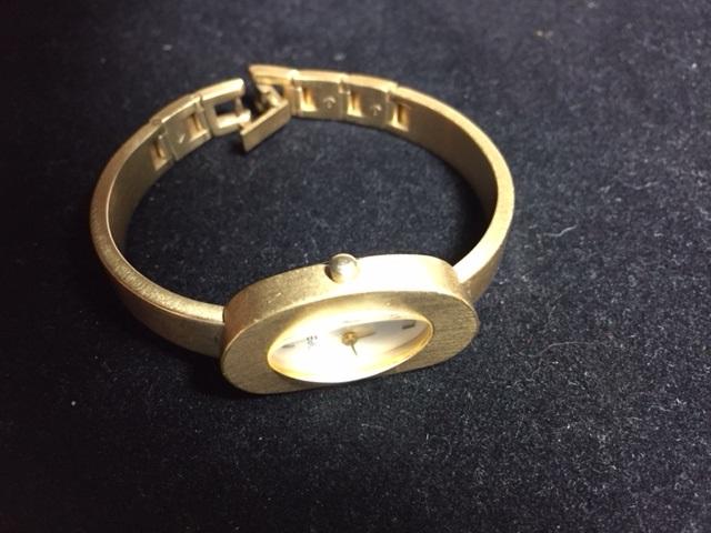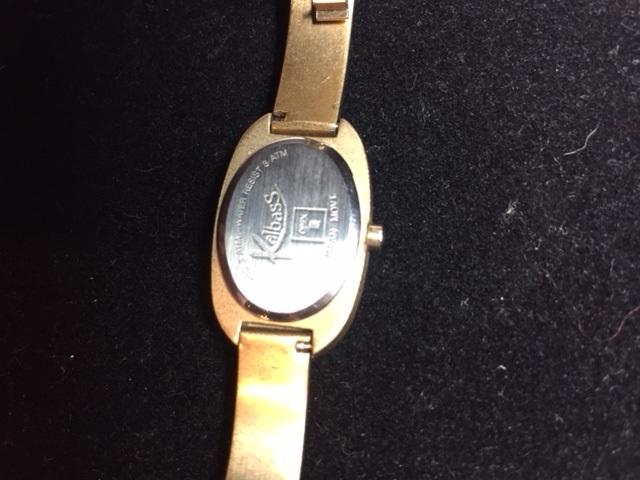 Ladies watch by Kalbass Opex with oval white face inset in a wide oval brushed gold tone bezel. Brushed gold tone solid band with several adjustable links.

────────

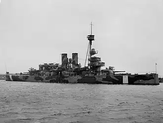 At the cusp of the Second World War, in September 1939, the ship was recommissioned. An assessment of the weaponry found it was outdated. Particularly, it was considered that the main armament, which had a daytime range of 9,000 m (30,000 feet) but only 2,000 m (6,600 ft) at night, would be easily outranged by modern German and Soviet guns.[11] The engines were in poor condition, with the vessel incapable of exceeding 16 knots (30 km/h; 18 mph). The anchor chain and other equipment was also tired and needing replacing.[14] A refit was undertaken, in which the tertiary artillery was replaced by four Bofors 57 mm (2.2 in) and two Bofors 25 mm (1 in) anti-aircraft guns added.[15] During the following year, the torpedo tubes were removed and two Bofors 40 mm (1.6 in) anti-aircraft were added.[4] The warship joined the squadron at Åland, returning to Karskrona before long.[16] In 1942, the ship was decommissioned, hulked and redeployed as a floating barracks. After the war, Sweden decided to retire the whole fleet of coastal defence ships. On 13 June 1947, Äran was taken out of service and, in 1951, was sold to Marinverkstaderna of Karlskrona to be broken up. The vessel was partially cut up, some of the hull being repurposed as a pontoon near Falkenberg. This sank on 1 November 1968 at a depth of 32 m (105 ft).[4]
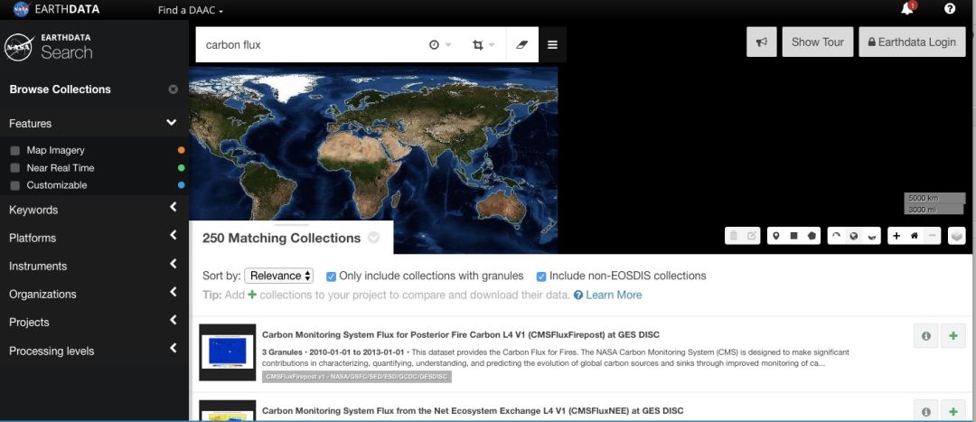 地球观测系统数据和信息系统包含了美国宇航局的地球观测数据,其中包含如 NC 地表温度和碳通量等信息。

────────

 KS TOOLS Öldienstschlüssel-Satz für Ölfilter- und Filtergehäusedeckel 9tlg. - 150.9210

────────

TASK DIRECTIONS: Because only one stretch of the records is wanted, please output the lines from the one holding "At the cusp" through the one holding "地球观测系统数据和信息系统包含了美国宇航局的地球观测数据,其中包含如 NC 地表温度和碳通量等信息。" exactly, both included, and leave every picture out.

SOLUTION TO THIS PROBLEM:
 At the cusp of the Second World War, in September 1939, the ship was recommissioned. An assessment of the weaponry found it was outdated. Particularly, it was considered that the main armament, which had a daytime range of 9,000 m (30,000 feet) but only 2,000 m (6,600 ft) at night, would be easily outranged by modern German and Soviet guns.[11] The engines were in poor condition, with the vessel incapable of exceeding 16 knots (30 km/h; 18 mph). The anchor chain and other equipment was also tired and needing replacing.[14] A refit was undertaken, in which the tertiary artillery was replaced by four Bofors 57 mm (2.2 in) and two Bofors 25 mm (1 in) anti-aircraft guns added.[15] During the following year, the torpedo tubes were removed and two Bofors 40 mm (1.6 in) anti-aircraft were added.[4] The warship joined the squadron at Åland, returning to Karskrona before long.[16] In 1942, the ship was decommissioned, hulked and redeployed as a floating barracks. After the war, Sweden decided to retire the whole fleet of coastal defence ships. On 13 June 1947, Äran was taken out of service and, in 1951, was sold to Marinverkstaderna of Karlskrona to be broken up. The vessel was partially cut up, some of the hull being repurposed as a pontoon near Falkenberg. This sank on 1 November 1968 at a depth of 32 m (105 ft).[4]
 地球观测系统数据和信息系统包含了美国宇航局的地球观测数据,其中包含如 NC 地表温度和碳通量等信息。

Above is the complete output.